▶ _Information shown_
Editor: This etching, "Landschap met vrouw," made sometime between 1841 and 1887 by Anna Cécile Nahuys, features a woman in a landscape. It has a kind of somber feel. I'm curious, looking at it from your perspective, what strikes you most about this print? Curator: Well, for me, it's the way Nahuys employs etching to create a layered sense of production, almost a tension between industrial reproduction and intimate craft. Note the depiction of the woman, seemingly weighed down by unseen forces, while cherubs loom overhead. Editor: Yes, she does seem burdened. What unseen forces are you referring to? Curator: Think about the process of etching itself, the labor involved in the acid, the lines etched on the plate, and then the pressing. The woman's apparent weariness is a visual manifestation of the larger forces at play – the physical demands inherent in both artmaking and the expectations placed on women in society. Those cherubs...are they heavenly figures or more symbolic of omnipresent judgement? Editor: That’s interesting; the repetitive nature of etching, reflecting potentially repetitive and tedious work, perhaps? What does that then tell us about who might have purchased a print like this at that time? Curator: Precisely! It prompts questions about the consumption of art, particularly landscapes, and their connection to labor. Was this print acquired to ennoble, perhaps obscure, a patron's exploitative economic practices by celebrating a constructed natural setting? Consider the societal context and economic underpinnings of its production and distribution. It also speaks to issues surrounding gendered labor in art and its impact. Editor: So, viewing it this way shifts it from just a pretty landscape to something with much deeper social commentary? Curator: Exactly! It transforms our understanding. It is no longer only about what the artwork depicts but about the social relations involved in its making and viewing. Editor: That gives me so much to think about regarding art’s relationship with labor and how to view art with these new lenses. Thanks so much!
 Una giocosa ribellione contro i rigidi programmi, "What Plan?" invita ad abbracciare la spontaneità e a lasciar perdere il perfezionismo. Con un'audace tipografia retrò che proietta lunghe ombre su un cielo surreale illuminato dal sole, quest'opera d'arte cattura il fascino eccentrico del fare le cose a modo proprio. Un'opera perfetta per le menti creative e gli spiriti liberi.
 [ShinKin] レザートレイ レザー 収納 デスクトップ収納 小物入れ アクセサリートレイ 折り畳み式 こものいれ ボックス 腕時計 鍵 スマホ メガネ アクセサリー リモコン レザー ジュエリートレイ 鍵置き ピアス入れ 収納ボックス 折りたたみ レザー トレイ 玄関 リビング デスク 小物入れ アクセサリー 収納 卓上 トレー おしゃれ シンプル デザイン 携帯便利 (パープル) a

▶ _Task prompt_
Each line above needs to be repeated exactly, with nothing omitted.

▶ _Solved problem_
Editor: This etching, "Landschap met vrouw," made sometime between 1841 and 1887 by Anna Cécile Nahuys, features a woman in a landscape. It has a kind of somber feel. I'm curious, looking at it from your perspective, what strikes you most about this print? Curator: Well, for me, it's the way Nahuys employs etching to create a layered sense of production, almost a tension between industrial reproduction and intimate craft. Note the depiction of the woman, seemingly weighed down by unseen forces, while cherubs loom overhead. Editor: Yes, she does seem burdened. What unseen forces are you referring to? Curator: Think about the process of etching itself, the labor involved in the acid, the lines etched on the plate, and then the pressing. The woman's apparent weariness is a visual manifestation of the larger forces at play – the physical demands inherent in both artmaking and the expectations placed on women in society. Those cherubs...are they heavenly figures or more symbolic of omnipresent judgement? Editor: That’s interesting; the repetitive nature of etching, reflecting potentially repetitive and tedious work, perhaps? What does that then tell us about who might have purchased a print like this at that time? Curator: Precisely! It prompts questions about the consumption of art, particularly landscapes, and their connection to labor. Was this print acquired to ennoble, perhaps obscure, a patron's exploitative economic practices by celebrating a constructed natural setting? Consider the societal context and economic underpinnings of its production and distribution. It also speaks to issues surrounding gendered labor in art and its impact. Editor: So, viewing it this way shifts it from just a pretty landscape to something with much deeper social commentary? Curator: Exactly! It transforms our understanding. It is no longer only about what the artwork depicts but about the social relations involved in its making and viewing. Editor: That gives me so much to think about regarding art’s relationship with labor and how to view art with these new lenses. Thanks so much!
 Una giocosa ribellione contro i rigidi programmi, "What Plan?" invita ad abbracciare la spontaneità e a lasciar perdere il perfezionismo. Con un'audace tipografia retrò che proietta lunghe ombre su un cielo surreale illuminato dal sole, quest'opera d'arte cattura il fascino eccentrico del fare le cose a modo proprio. Un'opera perfetta per le menti creative e gli spiriti liberi.
 [ShinKin] レザートレイ レザー 収納 デスクトップ収納 小物入れ アクセサリートレイ 折り畳み式 こものいれ ボックス 腕時計 鍵 スマホ メガネ アクセサリー リモコン レザー ジュエリートレイ 鍵置き ピアス入れ 収納ボックス 折りたたみ レザー トレイ 玄関 リビング デスク 小物入れ アクセサリー 収納 卓上 トレー おしゃれ シンプル デザイン 携帯便利 (パープル) a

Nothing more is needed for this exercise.